而张泽阳竟然愿意提供免息贷款,还给出了最长三十年的还款期限,这简直是前所未有的慷慨。
张光斗在心中飞快地计算起来:若是分十年偿还,每年只需支付400万英镑;若是分二十年,每年的还款额度便降至200万英镑;若是选择三十年的最长期限,每年仅需偿还约133万英镑。
这样的还款压力,与一次性支付4000万英镑相比,简直是天壤之别。
对于外汇储备为负的国内来说,这样的条件无疑是雪中送炭,完全在可承受的范围之内。
更重要的是,张泽阳明确表示不收取任何利息。
要知道,按照当时国际市场的平均贷款利率计算,4000万英镑的贷款,即便是最低的利率,三十年下来的利息也足以超过本金。

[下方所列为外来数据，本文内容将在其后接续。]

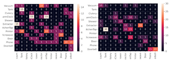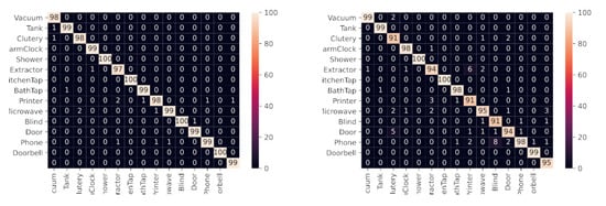 Confusion matrices in ad hoc ambient audio dataset. (Left) CNN + MFCC; (Right) CNN + LM.
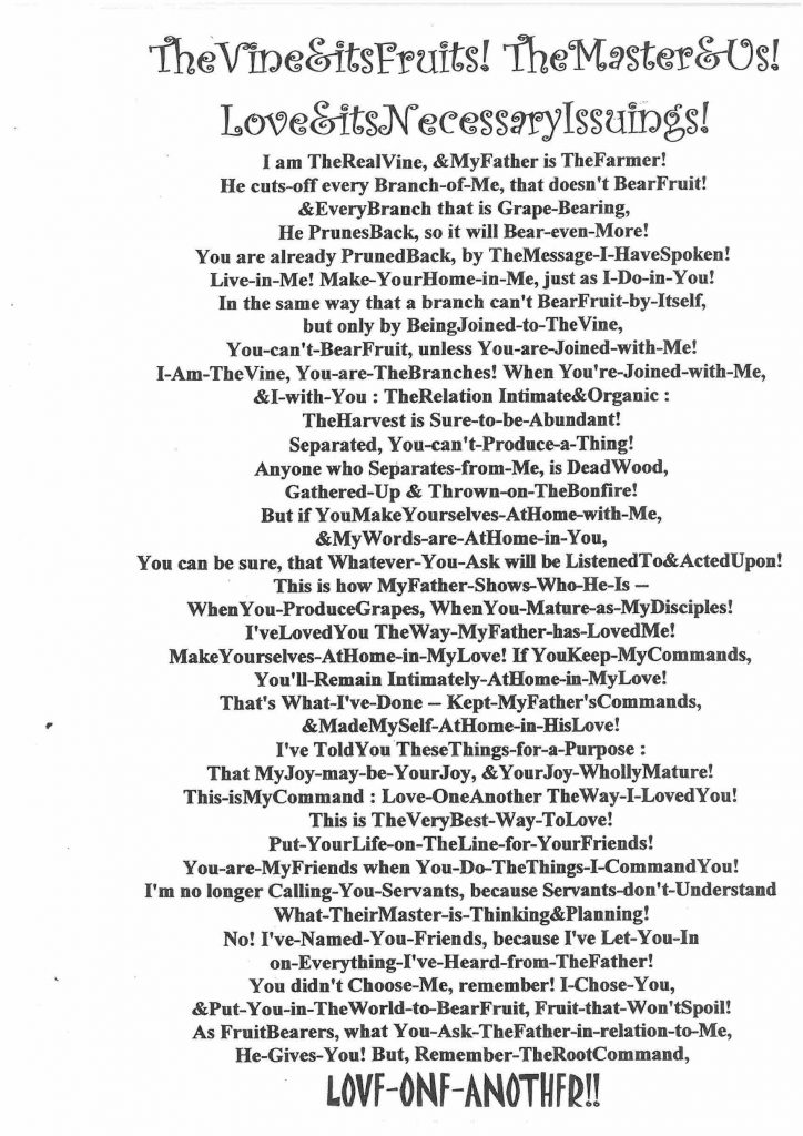 Gospel reading from John (Tom’s version)
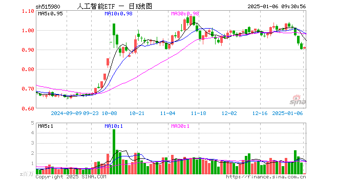 1月6日,人工智能ETF(515980)开盘涨0.11%,报0.903元。人工智能ETF(515980)重仓股方面,中际旭创开盘涨1.52%,新易盛涨1.51%,科大讯飞跌0.16%,中科曙光跌1.00%,金山办公涨0.00%,韦尔股份涨0.39%,寒武纪涨0.76%,海康威视涨0.03%,德赛西威涨0.00%,澜起科技跌0.32%。
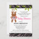 © 2012 Socialite Designs. Rose avec des rayures de zèbre noir et jolie petite fille singe design baby shower invitation. Un invitation charmant à envoyer aux invités pour célébrer la naissance prochaine d'une petite fille.
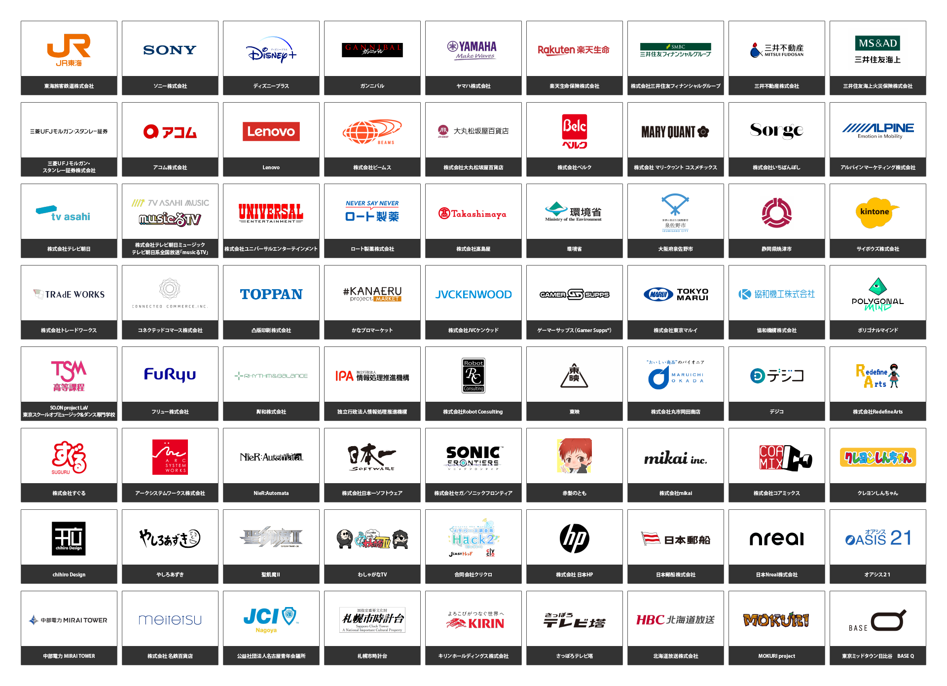 三菱UFJモルガン・スタンレー証券株式会社/アコム株式会社/Lenovo/株式会社ビームス/株式会社大丸松坂屋百貨店/株式会社ベルク/株式会社 マリークヮント コスメチックス/株式会社いちばんぼし/アルパインマーケティング株式会社/株式会社テレビ朝日/株式会社テレビ朝日ミュージック/テレビ朝日系全国放送「musicるTV」/株式会社岩本町芸能社/株式会社ユニバーサルエンターテインメント/ロート製薬株式会社/株式会社髙島屋/環境省/大阪府泉佐野市/静岡県焼津市/サイボウズ株式会社/株式会社トレードワークス/コネクテッドコマース株式会社/凸版印刷株式会社/かなプロマーケット/株式会社JVCケンウッド/ゲーマーサップス(Gamer Supps®)/株式会社東京マルイ/協和機工株式会社/ポリゴナルマインド/SO.ON project LaV 東京スクールオブミュージック&ダンス専門学校/フリュー株式会社/興和株式会社/独立行政法人情報処理推進機構/株式会社Robot Consulting/東映株式会社/株式会社丸市岡田商店/デジコ/RedefineArts/株式会社すぐる/ アークシステムワークス株式会社/NieR:Automata/株式会社日本一ソフトウェア/株式会社セガ/ソニックフロンティア/赤髮のとも/株式会社mikai/株式会社コアミックス/クレヨンしんちゃん/chihiro Design/やしろあずき/聖飢魔Ⅱ/わしゃがなTV/合同会社クリクロ/株式会社 日本HP/日本郵船株式会社/日本Nreal株式会社/オアシス21/中部電力 MIRAI TOWER/株式会社 名鉄百貨店/公益社団法人名古屋青年会議所/札幌市時計台/キリンホールディングス株式会社/さっぽろテレビ塔/さっぽろ雪まつり実行委員会/北海道放送株式会社/MOKURI project/東京ミッドタウン日比谷 BASE Q
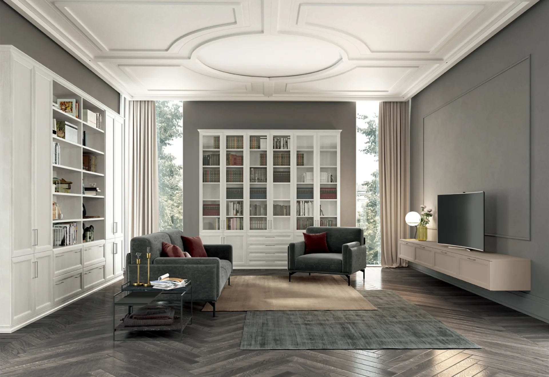 Librerie a muro iper funzionali per stanze classiche: ottieni informazioni sul modello Arcadia AS006 della marca Colombini Casa!
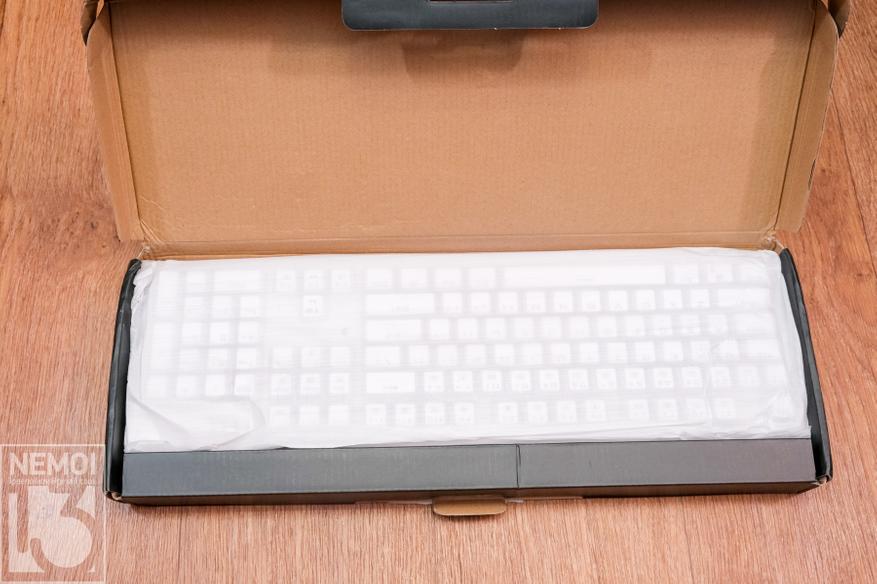 Поставляется клавиатура в симпатичной черной коробке, правда во время доставки, коробке изрядно досталось от службы доставки. Но сама клавиатура не пострадала.

张泽阳的这个方案,相当于又为国内省下了一笔巨额的利息支出。
“张先生,您……您说的是真的?”张正红激动得声音都在发颤,他实在不敢相信自己的耳朵。
这样优厚的条件,已经远远超出了他们的预期。
张泽阳迎着三人震惊的目光,肯定地点了点头:“自然是真的。我既然承诺帮忙,就不会在这些细节上为难国内。”
郭鹤年看着张泽阳,眼中充满了敬佩。
他这一生与无数商人打过交道,见过太多唯利是图、斤斤计较之辈,却从未见过有人能如此慷慨大方,将巨额利益抛诸脑后,只为帮助国家渡过难关。
张泽阳的这份情怀,让他自愧不如。
就在三人还沉浸在免息分期的惊喜之中时,张泽阳再次开口,抛出了第二个方案:“除了分期偿还之外,还有一个选择。
如果国内短期内依旧难以凑齐足够的外汇,也可以用其他物品来抵偿这笔货款。”
“用物品抵偿?”张光斗先是一愣,随即反应过来,这便是典型的“以物易物”。
张泽阳的前世历史中,国内也曾面临类似的外汇困境,当时委托郭鹤年采购白糖,最终也是因为拿不出足够的外汇,只能用茅台、五粮液等优质白酒以及其他土特产来抵偿货款。
即便如此,国家也始终铭记着郭鹤年的这份恩情,后来郭鹤年旗下的金龙鱼能够顺利进入大陆市场,占据粮油行业的半壁江山,与这份早年的人情有着密不可分的关系。
而如今,张泽阳提出的以物易物方案,与当年郭鹤年的做法有异曲同工之妙,但张泽阳给出的条件更为优厚。
不仅白糖价格是半价,还提供了免息分期的选择,即便是以物易物,也没有提出任何苛刻的要求。
这份慷慨与体谅,丝毫不逊色于当年的郭鹤年,甚至有过之而无不及。
在这样全球糖荒、价格疯涨的背景下,张泽阳能够做出这样的选择,其份量可想而知。
这不仅仅是商业上的让利,更是对国家、对民族的深厚情谊。
张光斗再也抑制不住心中的激动,猛地站起身,一把握住张泽阳的手,用力摇晃着,眼中闪烁着泪光说道:“张先生!您真是太好了!这份雪中送炭的恩情,我们华润,我们整个国家都永世不忘!”